Builtin conversions and the integer
type
Flower is pretty strict about type conversions. Currently, it does not even
allow non-narrowing casts like s32 -> s64
implicitly. But we don't want to
sprinkle explicit casts all around our code, so there's an exception.
The integer
-type can be implicitly cast to either an unsigned or signed
fixed-size integer. But only if the compiler can prove it fits. This requires
the compiler to do range analysis with each of the integer
variables. The
compiler can only do this for simple cases for now, but later on it will need
more sophisticated approach to deal with I/O events, etc.
Since our integer
is just a literal that gets instantly assigned to the
return value here, and our integer literal fits in the s32
type, we can
just rest easy, and enjoy the fact that the try_builtin_conversion
didn't
error out and the compiler can just implicitly convert it to a s32
.
(Or rather, just treat the value as s32
from the beginning)
We end up with following bytecode disassembly
function main[<osdefault>]:
ret s32 1
...well that was a lot of work to just get to a slightly different representation, but here we are describing a small binary sequence of just few bytes in text.
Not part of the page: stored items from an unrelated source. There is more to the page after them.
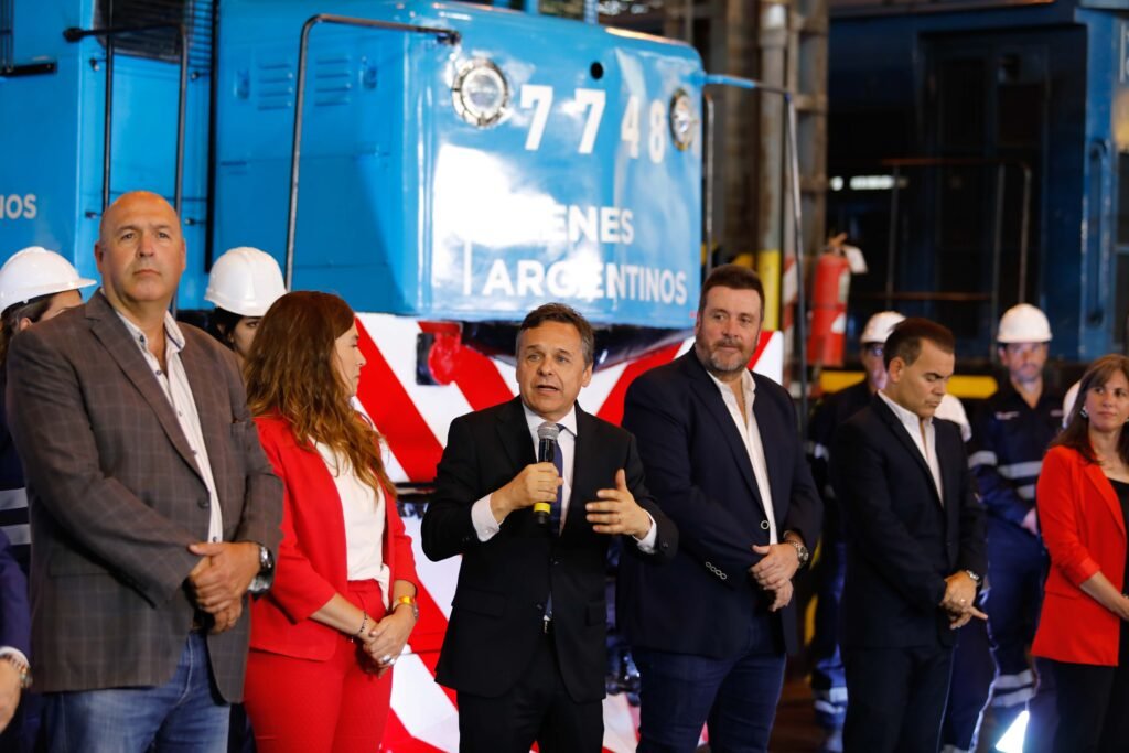 En el marco del Plan de Modernización de Transporte, el titular de la cartera, Diego Giuliano, junto al presidente de Trenes Argentinos Cargas (TAC), Daniel Vispo, encabezaron un encuentro en el taller de Alta Córdoba. Allí, presentaron dos locomotoras reparadas íntegramente en dicho taller, las cuales se incorporarán a la flota de cargas de la línea de ferrocarril Belgrano.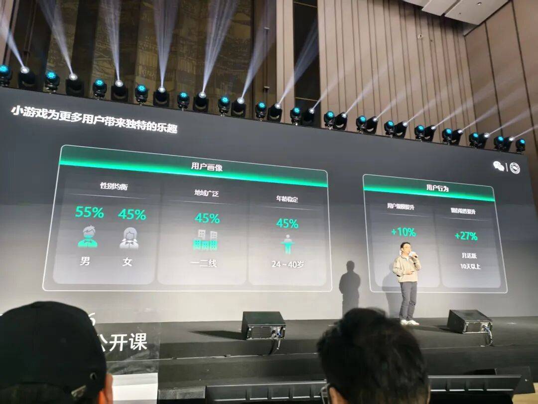 看完了开发者们取得的成绩,我们再来看一下小游戏大盘的基本情况。当前,微信小游戏用户规模稳定在五个亿以上,用户画像方面和24年保持了相对的稳定,这点就不过多的展开了。同时,我们也观察到了一些很有意思的现象,比如详细的用户行为有一个显著的提升,比如DAU有10%的一个增长,月活十天以上的用户的高留存用户,相比24年同比增长了27%,在闲暇的时候玩一玩自己喜欢的小游戏,已经成为了很多用户的习惯。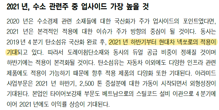 올해 초에 넥쏘로 공급이 기대된다고 하나 최근 기사를 보면 넥쏘는 여전히 도레이첨단소재의 탄소섬유를 사용한 일진하이솔루스의 수소연료탱크를 독점 계약했다.
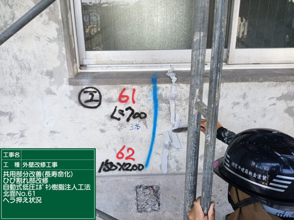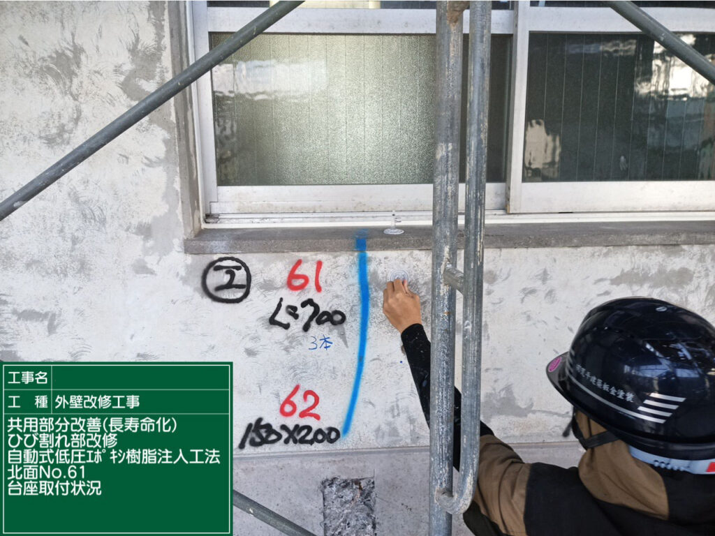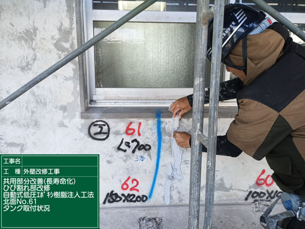 エポキシ樹脂注入用の器具(タンク)を取り付けます。工完了となります。

Internals and getting to native code
A Flower program is represented in the compiler as
struct function
{
std::string disassemble() const noexcept;
std::string identifier;
type return_type;
smallvec<type> parameter_types;
std::string abi_ident;
buffer_type bytecode;
};
struct program
{
using error_code = int;
std::string disassemble() const noexcept;
bool is_empty() const noexcept {
return functions.empty();
}
uint8_t* find_function_ip(
const std::string& func) noexcept;
smallvec<function> functions;
smallvec<type> types;
program_metadata metadata;
};
which shouldn't contain any too interesting parts. smallvec
is a
small-size optimised vector, from which the compiler gets a lot
use out of. It's one of the container types that I've built
for the compiler. It will probably be a part of ftl
later on, once it gets a bit more stable, better tested and gets
rid of some non-freestanding parts.
buffer_type
is actually also a smallvec
with some extra
functions so it's trivial to read and write values of different
types.
My first attempt at this was way too low-level. While I technically could've stuffed all the extra necessary info into metadata and just have one buffer of bytecode and the metadata, that was way too complicated to handle. Not to mention it really didn't play nice with converting onwards to different bytecode format (e.g. for LLVM).
Our previous result
function main[<osdefault>]:
ret s32 1
however, is (at least for now) pretty simple to convert to LLVM code using the tools given by LLVM itself. QBE is a bit harder since it requires us to deal with text format directly but should be doable as well.
But for now, we can run our bytecode program with
$ ./flvm ex1.fbc
$ echo $?
1
That is as far as our compiler can go at this stage. LLVM codegen will probably be in the agenda once more of the basic stuff functions and the Flower syntax has stabilized more.
But it'll probably be a good half a year before I even want to start to tackle that in depth, other than a quick test run here and there to make sure that our own bytecode representation doesn't get too difficult to turn into LLVM bytecode. Otherwise, running stuff with the VM is good enough for now.